As I threw clothes on my body, I heard myself muttering other things, like “You’re super awesome” and “Take care of yourself, good luck!” (With what? Oh my God, Carla, stop talking.) He protested dejectedly – “I haven’t come yet” – and I said, “Oops, sorry, Uber is here, I have to run!” I flew down the stairs of his building and never saw him again.

I was proud of my body for choosing “fly” out of all the options available (and I guess a little bit “fawn” – because again, people like it). I told the story to anyone who would listen, waving it around as evidence of my commitment to democracy, feminism, and humanity. (Holding back his orgasm wasn’t intentional, but it gave me a sadistic little thrill.)

Person wearing a t-shirt with the word "kamala" printed on it

The author is wearing her Kamala Harris “Brat” t-shirt.

Photo courtesy of Carla Sosenko

Of course, the decision to sleep with him (or not sleep with him) depending on how he voted had relatively low stakes for me. I’m a light-skinned, cis-female, self-supporting Jewish woman from New York, so unlike many others, this man and his ideals posed little real threat to me. (My Jewishness is something I can hide, even though I don’t I do the opposite and drape myself in a Judaica-style adornment of Mr.
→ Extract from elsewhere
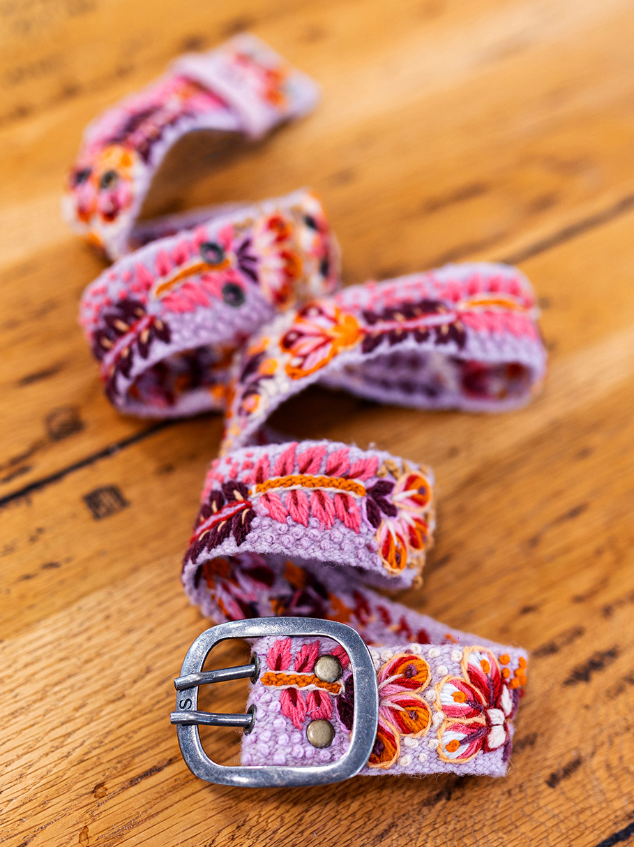Eine von Hand gestickte wunderschöne Blätter-Blütenranke in Apricot-Lachs-Rost-Braun-Tönen machen diesen Gürtel zu einem ganz besonderen Accessoire, das bewundernde Blicke auf sich zieht.

Security, in opposition to people who are marginalized and targeted, such as those in the transgender and black communities of Layaway Man’s voting intentions was a true ladyboy killer – but it was my inherent privilege that kept me from needing to know it sooner.

In a post – Jan 6 World, I will not make this mistake again. Like those women on the street with Billy Eichner and Will Ferrell, I can tell you, “No way, ew, (vomit sound) – I wouldn’t have sex with a Trump voter.” And I mean it. Instead, I hope to encounter a man who will give me the feelings in my body that Layaway Man once had, but the feelings in my heart and brain that only a Kamala devotee could feel.

Now more than ever, our bodies are a battlefield, and access to my body has always been a privilege that had to be earned. Now I have an even stricter door policy based on doing no harm. If my body is a wonderland that you want to experience, then to even be considered for entry you had better vote to protect all bodies. Otherwise, you may not be allowed to ride. These are the rules.